Кэтрин не собиралась вновь погружаться в смертельную скуку, в которой она находилась до сих пор. Она решила сделать вид, что ничего вчера не случилось и она отлично выспалась этой ночью. Кэтрин собрала всю свою храбрость и решительно постучала в дверь. Она увлеклась этой работой, и ей было интересно разбираться в его финансовых делах. Каждый день приносил какие-нибудь открытия в необъятной империи графа Монкрифа. На второй день Кэтрин узнала о плантациях сахарного тростника, на третий — о прядильных фабриках и овцеводческих фермах. Вместе с уважением к этому человеку, создавшему все это, росло и ее понимание его силы и власти, которыми он владеет.

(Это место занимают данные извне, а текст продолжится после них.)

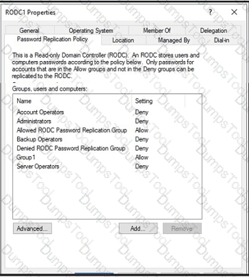 RODC1 has the Password Replication Policy shown in the following exhibit.

Конечно, он не обладал той безграничной властью, которая принадлежит монархам или диктаторам. Его влияние было ограничено и распространялось лишь на созданные им самим владения. Тем не менее, ему подчинялись тысячи людей, и любое его решение могло повлиять на их жизнь, на то, хорошо им будет или плохо. И он никогда не забывал об этом. Чувство ответственности многое объясняло в его поведении и стало неотъемлемой частью его самого. Кэтрин подумала, что это было самым важным открытием, которое она сделала в своем муже.

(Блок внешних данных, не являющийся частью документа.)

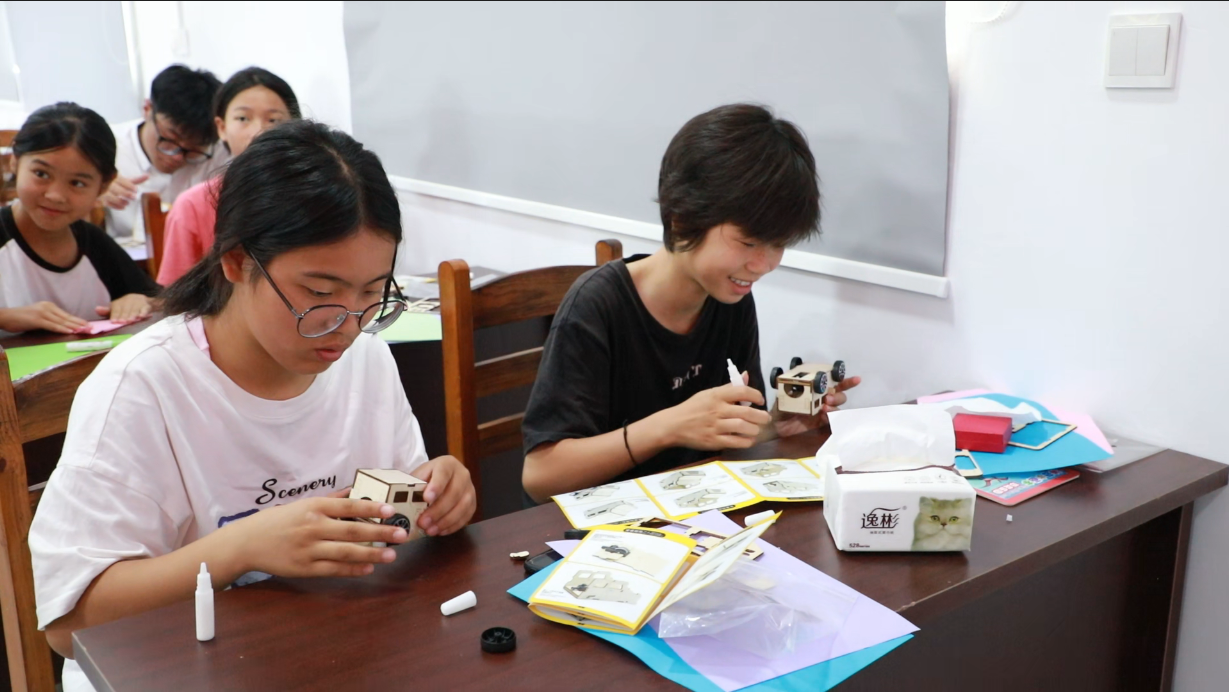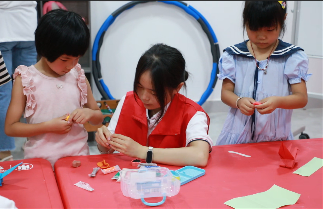 巧手塑童梦清辉映赤忱 “光明”实践团的成员们正俯身轻握孩子们的小手,耐心引导他们折叠手中的卡纸。另一边,有的孩子正全神贯注地揉捏着陶泥,有的握着画笔,在白纸上涂抹着天马行空的想象;还有的则专注地拼装着零件,一辆辆小汽车初具雏形。 那一张张写满专注与兴奋的小脸,无声地汇入实践团成员的心间,让他们真切感受到这份付出的无价。

Каждое утро Кэтрин с необыкновенным подъемом приступала к работе, но уже к обеду чувствовала раздражение, то ли оттого, что Фрэдди открыл ей слишком много, то ли оттого, что слишком мало. Но чем больше она узнавала о его финансовой империи, тем больше понимала и его самого. Он больше не удивлялся ее вопросам и с готовностью отвечал на них, и не считал, что ей это неинтересно. Даже когда речь заходила о каких-то неприятных сторонах дела и проблемах, Фрэдди не старался их приукрасить или свалить вину на других, а пытался объяснить, как можно, на его взгляд, исправить положение.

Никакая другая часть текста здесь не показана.